Le rôle des illustrations, ici comme ailleurs dans le livre, est caractérisé par le genre d'imprécision qui, dans des contextes plus rigoureux, serait simplement attribué à un savoir fragile : ignorance (au mieux) ou dissimulation (au pire) des aspects de ce que l’on sait pouvoir être utilisé, même par un simple processus d’élucidation, afin de démolir l’argument proposé. Quelle signification les lecteurs sont-ils supposés donner aux liens entre les deux phrases citées plus haut et l’illustration qui les suit, une peinture hollandaise du dix-septième siècle représentant les trésors rassemblés dans la Yarmouth Collection. Que la peinture exprime une sorte d’envie de la part de son propriétaire, la tentative, en prenant possession de l’« aspect » des objets représentés, de parvenir à posséder les objets eux-mêmes ? Le fait, facilement deviné, que la peinture a été exécutée afin de cataloguer la collection pour le bénéfice du collectionneur lui-même suggère une interprétation différente et plus simple de la relation entre le fait de posséder des objets et le fait de posséder des peintures d’objets : comme c’est surprenant ! les mêmes gens peuvent acheter les deux. (Et on pourrait ajouter qu’au dix-septième siècle, les conditions techniques et sociales de la production de peintures et les conditions techniques et sociales de la production d’objets de prix tels que ceux qu’illustrait la peinture de la Yarmouth Collection étaient plus ou moins les mêmes.)

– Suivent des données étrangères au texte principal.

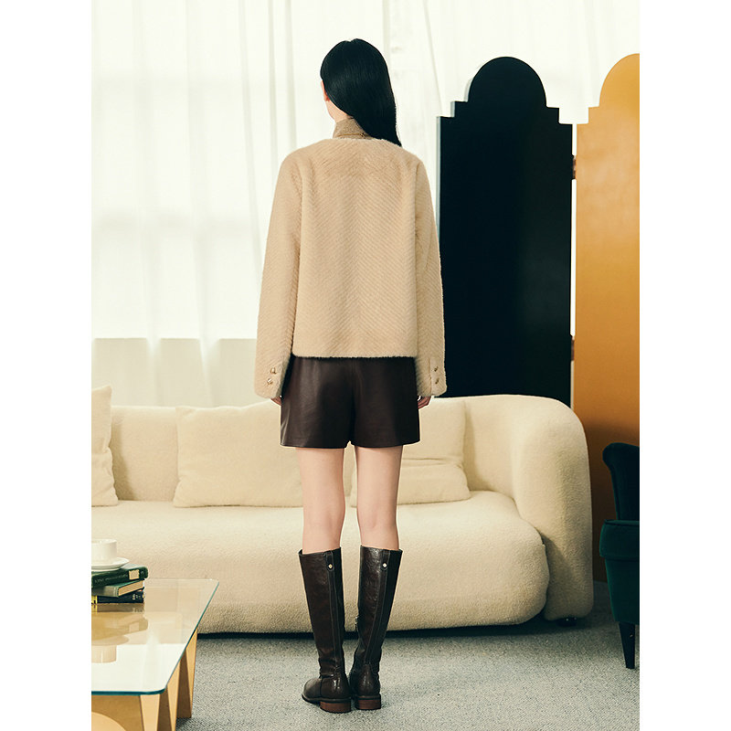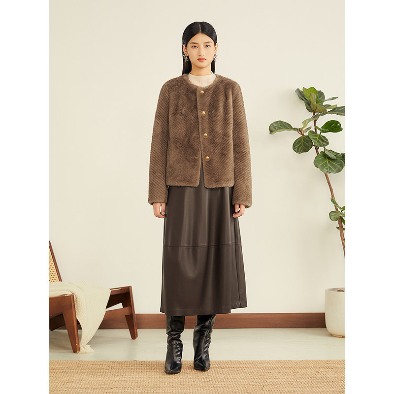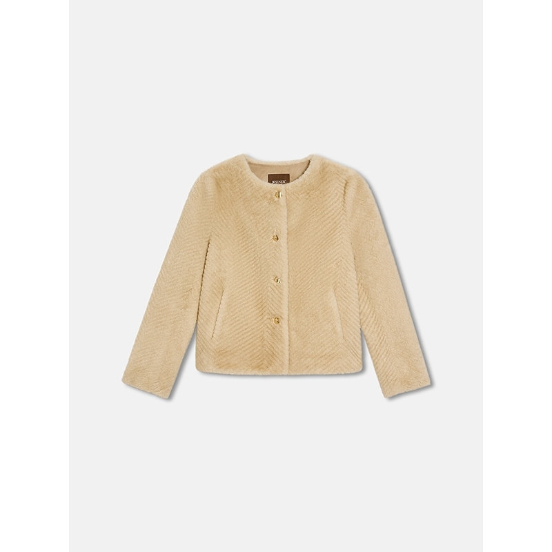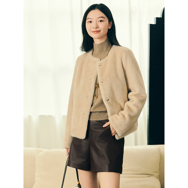 YINER音儿专选2025冬季新款法式复古人字纹H型短款环保皮草外套

Ici comme partout dans les textes de John Berger, lorsque les allusions finaudes et rhétoriques sont le moins du monde compréhensibles, elles révèlent une évidence des plus simplettes.



 

 

[38] ‘Ways of Seeing’, Art-Language, Vol. 4, No. 3, October, 1978, p. 73.

“To have a thing painted and put on a canvas is not unlike buying it and putting it in your house.” Or, on the other hand, it’s not much like it at all. “If you buy a painting you buy also the look of the thing it represents.” (WS, p. 83.) If the concept of buying is to have any meaning it needs presumably to refer to some possible behaviour in some possible market; what kind of market would you need to envisage in order to conceive of buying “the look of a thing”? Presumably this feeble metaphor – which is all it can be – is to be seen as underwritten by Benjamin’s (equally impenetrable) notion that a picture fixes “an appearance” of a thing; but even if we could accept a meaning in that somewhere, it wouldn’t quite follow that that “appearance” was somehow purchasable as a commodity to be conceptually prised away from material identity. WS’s ambition seems to be to persuade us that the world is full of nasty rich people buying up ideal categories; thus acquisition becomes a form of (what?) ideological behaviour; in the process the realistic and operative aspects of materialist critiques are defused, as if they were somehow too loutish for WS’s world (which they no doubt are).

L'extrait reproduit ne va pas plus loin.